# Costs of living in Egypt



## andybickerton

Hi all,
My wife and I are looking to move to Al Rehab City in Cairo. I am going to be working as a primary school teacher. My average monthly salary will be 1500 pounds sterling, my accomadation and basic utilities will be provided. My wife does not have a job currently and we are wanting to know if we can survive realistically on this salary between the two of us in Egypt. 
Does anyone have any answers. Is it cheap living in egypt?!

Please help!


----------



## MaidenScotland

Hi Welcome to the forum

Egypt is cheap is you dont want a five star life, local fruit and veg is cheap but chicken and meat is on a par with the UK price wise, bear in mind all the special offers we get on chicken etc in the big supermarkets, any imported goods are expensive.
Sliced bread is very expensive but local flat bread is very good and pennies
Soap powder is about the same as the UK but shampoo and toothpase are cheap 
Local transport is cheap.
Yes you should be able to live comfortably on that salary but you wont live like lords, Egypt is cheap if you want to live and eat like a local.


----------



## Beatle

andybickerton said:


> Hi all,
> My wife and I are looking to move to Al Rehab City in Cairo. I am going to be working as a primary school teacher. My average monthly salary will be 1500 pounds sterling, my accomadation and basic utilities will be provided. My wife does not have a job currently and we are wanting to know if we can survive realistically on this salary between the two of us in Egypt.
> Does anyone have any answers. Is it cheap living in egypt?!
> 
> Please help!


The main issue will be whether you adopt a more Egyptian lifestyle or whether you want to live an expatriate lifestyle. If it's the former, I think your salary would be sufficient. If it's the latter, you will find prices equivalent to the UK. Clothes from Western retailers, coffees in western cafes, eating in Western restaurants, gym membership is all roughly the same as in the UK. Shopping in the Western supermarkets like Metro can be expensive. Transport is cheap. I have Western friends who live in Egypt who live a no frills but comfortable existence on around £400 per month. I always need to factor in the cost of escaping from Cairo every now and again when the noise and pollution get to me!

Hope that helps.


----------



## willyyates

andybickerton said:


> Hi all,
> My wife and I are looking to move to Al Rehab City in Cairo. I am going to be working as a primary school teacher. My average monthly salary will be 1500 pounds sterling, my accomadation and basic utilities will be provided. My wife does not have a job currently and we are wanting to know if we can survive realistically on this salary between the two of us in Egypt.
> Does anyone have any answers. Is it cheap living in egypt?!
> 
> Please help!


Hello Andy,
My wife and moved to El Rehab about three months ago. So when I saw you were coming here, I really wanted to reply to see if I could help! But after opening the message I see where you have already gotten the response that I wanted to offer! 
Pretty much the same, it all depends on the lifestyle you want to live. About the only other thing I can think of is that if your wife wants to work I am sure she can get a job!! Our experience is that you should be able to live comfortable with your income.
El Rehab is nice. We took a Villa because we heard that the appartments where very noisy late at night. We are quite happy. I wish they did not open the doors to the public because it gets a bit busy at times!!
If you guys would like to meet up after your arrival at the food court, give me a holler at this site.

William


----------



## Vicci

*Cost of living in Egypt*

Hi, I am also moving to AL Rehab in Cairo, as a teacher, same salary as you and prob same school? Are you moving in August? 
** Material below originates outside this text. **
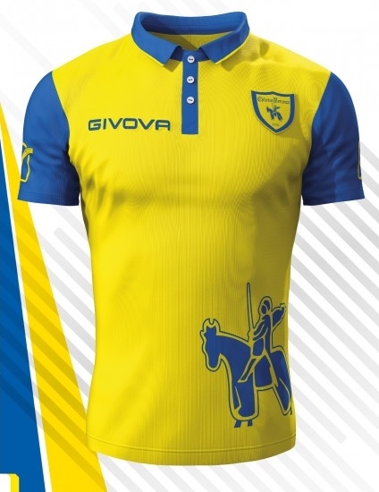 密かに出来の良いユニフォームが多く、2015-16ホームはクラブカラーの黄色と青によるポロネックのシンプルなシャツを採用。正面左腰にはお馴染み、1300年代にヴェローナ黄金時代をもたらした名門貴族、スカラ家のカングランデ1世の騎馬像がモチーフとして入れられている。

I haven't lived in Egypt for 8 years, but have good knowledge of cost of living and you should have no probs. You can easily live on that and save money. Of course it depends how much you like to spend on going out, but it is so much more cheaper in Egypt, you can have a very comfortable lifestyle and still have money left over. You can of course spend it all no prob too! I am hoping that it is enough for me, my husband and three kids and moeny to spare!! 
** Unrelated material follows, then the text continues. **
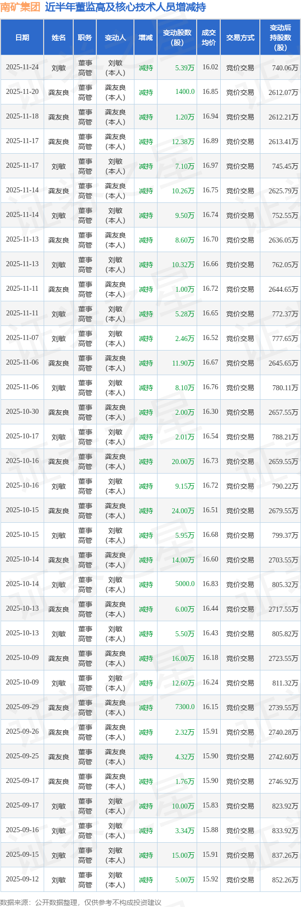 南矿集团近半年内的董监高及核心技术人员增减持详情如下: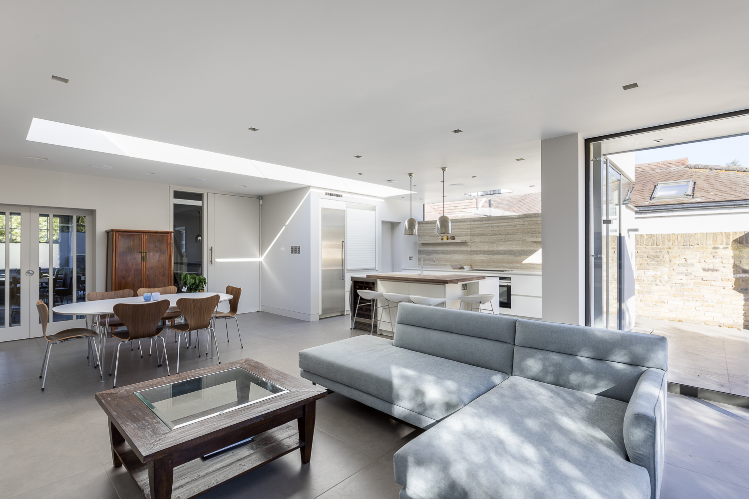 Located in a Kew, West London, this is a great example of one of our Urban house refurbishments incorporating a sizeable open plan extension.

Remember you will have no outgoings, bills to pay for at all!! £1500 on food and going out is way plenty. Which school are you going to?

Good luck and maybe we will see you later this year there?




andybickerton said:


> Hi all,
> My wife and I are looking to move to Al Rehab City in Cairo. I am going to be working as a primary school teacher. My average monthly salary will be 1500 pounds sterling, my accomadation and basic utilities will be provided. My wife does not have a job currently and we are wanting to know if we can survive realistically on this salary between the two of us in Egypt.
> Does anyone have any answers. Is it cheap living in egypt?!
> 
> Please help!


----------



## Mio

Im spanish woman, and I live in rehab about one year ago. Here the life is cheap compared with EU, but take care, if you need going to supermarket or pay furniture or anything for house is better move to El Cairo; all is a little more expensive here. And the flats rents no is very expensive 2500L or can arrive 4000L; but I recording you , if the people look you are foreigner they make you pay more more for all, you need all time make game with the price, if they say 20 you say 15 and all in this way... 
Well, if you have any question I'm here; welcome to Egypt!!!!
PD: but no all is bad, the live is very beautiful: the weather, the club....


----------